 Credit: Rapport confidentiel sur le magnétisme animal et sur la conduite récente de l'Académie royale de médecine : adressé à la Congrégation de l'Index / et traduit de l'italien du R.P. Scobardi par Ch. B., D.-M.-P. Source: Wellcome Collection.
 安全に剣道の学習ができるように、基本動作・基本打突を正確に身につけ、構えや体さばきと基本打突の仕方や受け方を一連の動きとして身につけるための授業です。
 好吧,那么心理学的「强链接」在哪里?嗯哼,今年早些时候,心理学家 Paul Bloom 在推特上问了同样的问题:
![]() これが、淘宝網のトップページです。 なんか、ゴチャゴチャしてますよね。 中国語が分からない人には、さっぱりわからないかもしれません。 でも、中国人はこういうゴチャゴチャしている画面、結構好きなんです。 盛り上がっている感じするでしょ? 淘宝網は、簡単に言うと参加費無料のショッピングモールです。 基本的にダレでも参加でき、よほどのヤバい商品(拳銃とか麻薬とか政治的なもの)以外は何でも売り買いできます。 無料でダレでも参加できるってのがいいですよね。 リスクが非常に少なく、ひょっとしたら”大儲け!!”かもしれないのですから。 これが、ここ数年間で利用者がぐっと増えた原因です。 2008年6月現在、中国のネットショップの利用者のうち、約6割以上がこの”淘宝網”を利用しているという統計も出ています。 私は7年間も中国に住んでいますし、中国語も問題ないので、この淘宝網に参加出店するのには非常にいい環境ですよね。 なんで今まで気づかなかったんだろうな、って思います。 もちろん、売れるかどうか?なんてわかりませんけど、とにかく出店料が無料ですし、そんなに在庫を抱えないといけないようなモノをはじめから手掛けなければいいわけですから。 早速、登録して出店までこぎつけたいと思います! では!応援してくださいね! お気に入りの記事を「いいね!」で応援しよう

····················

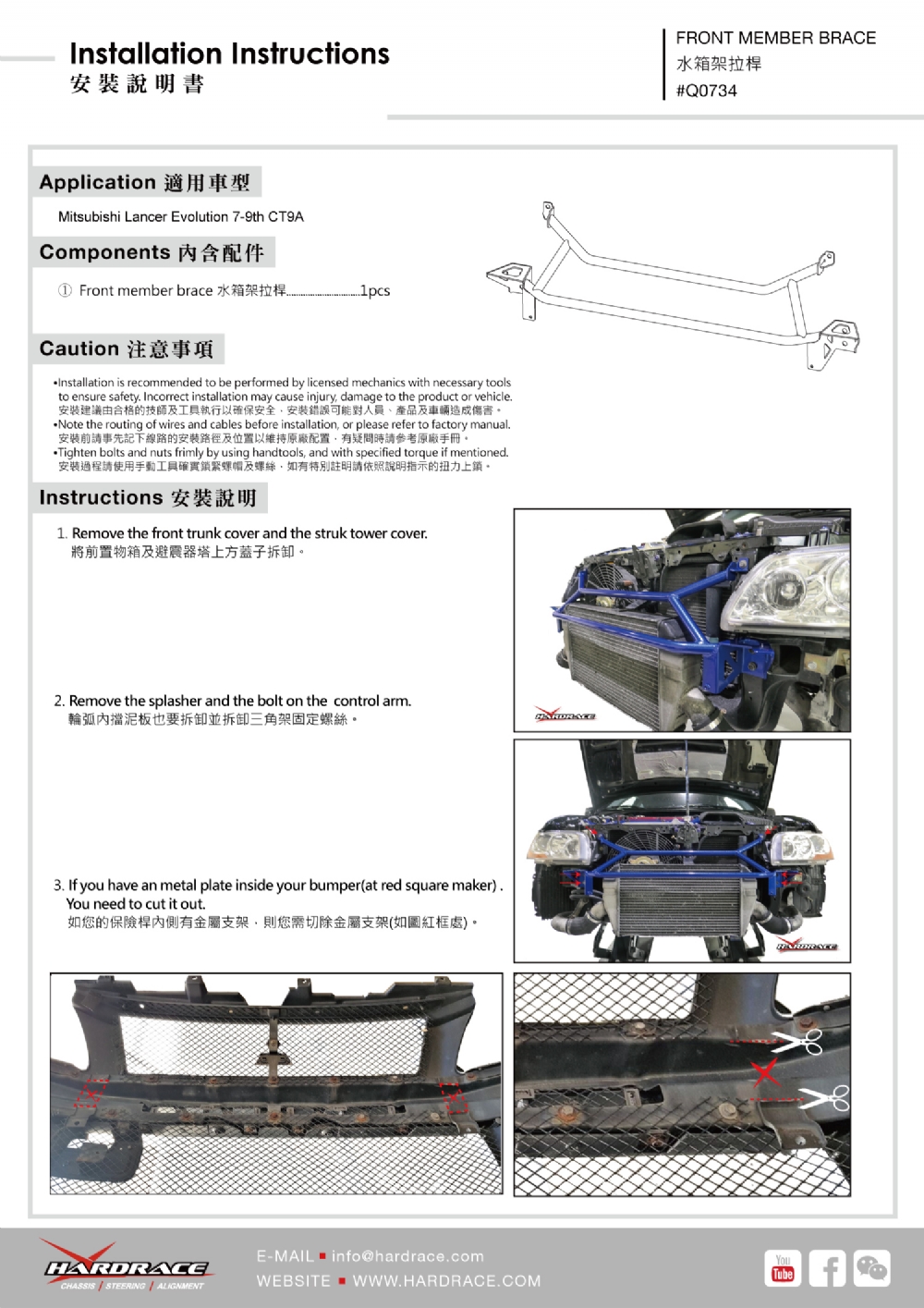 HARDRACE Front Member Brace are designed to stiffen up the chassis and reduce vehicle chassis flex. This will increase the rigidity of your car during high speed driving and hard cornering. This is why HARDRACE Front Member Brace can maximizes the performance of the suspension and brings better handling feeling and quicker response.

····················

[Aim of the exercise]:
Using the entries above, extract exactly the span from the line with "安全に剣道の学習ができるよう" to the line with "早速、登録して出店までこぎつけたいと思います! では!応援してくださいね! お気に入りの記事を「いいね!」で応援しよう", both lines included; leave out everything else.

[Task solution]:
 安全に剣道の学習ができるように、基本動作・基本打突を正確に身につけ、構えや体さばきと基本打突の仕方や受け方を一連の動きとして身につけるための授業です。
 好吧,那么心理学的「强链接」在哪里?嗯哼,今年早些时候,心理学家 Paul Bloom 在推特上问了同样的问题:
![]() これが、淘宝網のトップページです。 なんか、ゴチャゴチャしてますよね。 中国語が分からない人には、さっぱりわからないかもしれません。 でも、中国人はこういうゴチャゴチャしている画面、結構好きなんです。 盛り上がっている感じするでしょ? 淘宝網は、簡単に言うと参加費無料のショッピングモールです。 基本的にダレでも参加でき、よほどのヤバい商品(拳銃とか麻薬とか政治的なもの)以外は何でも売り買いできます。 無料でダレでも参加できるってのがいいですよね。 リスクが非常に少なく、ひょっとしたら”大儲け!!”かもしれないのですから。 これが、ここ数年間で利用者がぐっと増えた原因です。 2008年6月現在、中国のネットショップの利用者のうち、約6割以上がこの”淘宝網”を利用しているという統計も出ています。 私は7年間も中国に住んでいますし、中国語も問題ないので、この淘宝網に参加出店するのには非常にいい環境ですよね。 なんで今まで気づかなかったんだろうな、って思います。 もちろん、売れるかどうか?なんてわかりませんけど、とにかく出店料が無料ですし、そんなに在庫を抱えないといけないようなモノをはじめから手掛けなければいいわけですから。 早速、登録して出店までこぎつけたいと思います! では!応援してくださいね! お気に入りの記事を「いいね!」で応援しよう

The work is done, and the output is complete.